Charles Platt is a journalist who decided to pull a Barbara Ehrenbacher and get a job at Wal-Mart to see what life is like on the inside of the "notorious" discount retailer. What he found might surprise those of you who thought that Wal-Mart is a modern day Simon Legree. Platt found working at Wal-Mart was hardly oppressive and that, more surprisingly, Wal-Mart's employees had a lot of autonomy, including the ability to place large merchandising orders. Platt does allow that working at Wal-Mart is not a high-wage job, but that leads him to some conclusions that would appall the Progressive Set:

I found myself reaching an inescapable conclusion. Low wages are not a Wal-Mart problem. They are an industry-wide problem, afflicting all unskilled entry-level jobs, and the reason should be obvious.

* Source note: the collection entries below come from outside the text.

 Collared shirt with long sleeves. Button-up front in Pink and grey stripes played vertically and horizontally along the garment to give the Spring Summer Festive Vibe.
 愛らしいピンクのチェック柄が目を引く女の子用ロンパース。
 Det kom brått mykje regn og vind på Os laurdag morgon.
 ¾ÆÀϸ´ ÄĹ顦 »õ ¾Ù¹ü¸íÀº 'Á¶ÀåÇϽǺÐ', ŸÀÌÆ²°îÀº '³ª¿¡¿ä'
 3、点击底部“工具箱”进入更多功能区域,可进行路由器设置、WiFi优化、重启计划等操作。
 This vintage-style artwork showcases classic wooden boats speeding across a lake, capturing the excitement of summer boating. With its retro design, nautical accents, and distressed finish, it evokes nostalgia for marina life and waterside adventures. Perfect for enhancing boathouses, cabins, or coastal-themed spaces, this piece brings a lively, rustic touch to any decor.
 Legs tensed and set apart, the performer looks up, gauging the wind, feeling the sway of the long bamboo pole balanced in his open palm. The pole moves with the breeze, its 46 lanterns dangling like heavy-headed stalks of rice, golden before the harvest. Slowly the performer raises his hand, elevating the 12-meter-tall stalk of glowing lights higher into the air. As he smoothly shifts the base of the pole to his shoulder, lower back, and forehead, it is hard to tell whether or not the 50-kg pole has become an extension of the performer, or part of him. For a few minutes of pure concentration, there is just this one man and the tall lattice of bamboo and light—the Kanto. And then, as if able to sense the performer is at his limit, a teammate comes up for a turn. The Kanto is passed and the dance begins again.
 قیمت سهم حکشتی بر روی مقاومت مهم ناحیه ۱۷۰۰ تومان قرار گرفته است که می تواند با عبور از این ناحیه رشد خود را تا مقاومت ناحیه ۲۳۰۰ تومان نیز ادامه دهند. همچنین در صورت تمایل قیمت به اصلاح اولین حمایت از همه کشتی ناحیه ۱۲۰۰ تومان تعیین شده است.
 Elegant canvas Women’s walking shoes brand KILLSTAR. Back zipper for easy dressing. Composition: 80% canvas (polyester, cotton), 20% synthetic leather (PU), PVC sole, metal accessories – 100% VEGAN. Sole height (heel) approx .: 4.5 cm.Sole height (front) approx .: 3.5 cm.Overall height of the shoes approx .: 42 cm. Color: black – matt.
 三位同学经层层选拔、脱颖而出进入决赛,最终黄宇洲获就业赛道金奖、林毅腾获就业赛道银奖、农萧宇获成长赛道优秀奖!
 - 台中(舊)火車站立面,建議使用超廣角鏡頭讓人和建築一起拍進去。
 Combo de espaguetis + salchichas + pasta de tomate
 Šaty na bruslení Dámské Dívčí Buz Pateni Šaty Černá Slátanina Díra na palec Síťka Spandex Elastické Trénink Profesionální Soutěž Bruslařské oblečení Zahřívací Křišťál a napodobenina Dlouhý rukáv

In our free-enterprise system, employees are valued largely in terms of what they can do. This is why teenagers fresh out of high school often go to vocational training institutes to become auto mechanics or electricians. They understand a basic principle that seems to elude social commentators, politicians and union organizers. If you want better pay, you need to learn skills that are in demand.

The blunt tools of legislation or union power can force a corporation to pay higher wages, but if employees don't create an equal amount of additional value, there's no net gain. All other factors remaining equal, the store will have to charge higher prices for its merchandise, and its competitive position will suffer.

This is Economics 101, but no one wants to believe it, because it tells us that a legislative or unionized quick-fix is not going to work in the long term. If you want people to be wealthier, they have to create additional wealth.


When he says "no one," he means liberals and progressives in the intellectual, media, and political elite. Some of figured this out during our first after-school job.

Having dissed the unions, Platt then goes off on public schools and (by extension) our useless teachers:

To my mind, the real scandal is not that a large corporation doesn't pay people more. The scandal is that so many people have so little economic value. Despite (or because of) a free public school system, millions of teenagers enter the work force without marketable skills. So why would anyone expect them to be well paid?

Damn right. Think of all the time wasted in high school (and earlier) on learning about stuff like Earth Day, "A Color Purple," Kwanza, sex ed., etc. Think of the millions of average kids forced to spend hours yawning through the schoolday, learning nothing (or close to it), until they graduate and SURPRISE! they struggle to find post-high school work.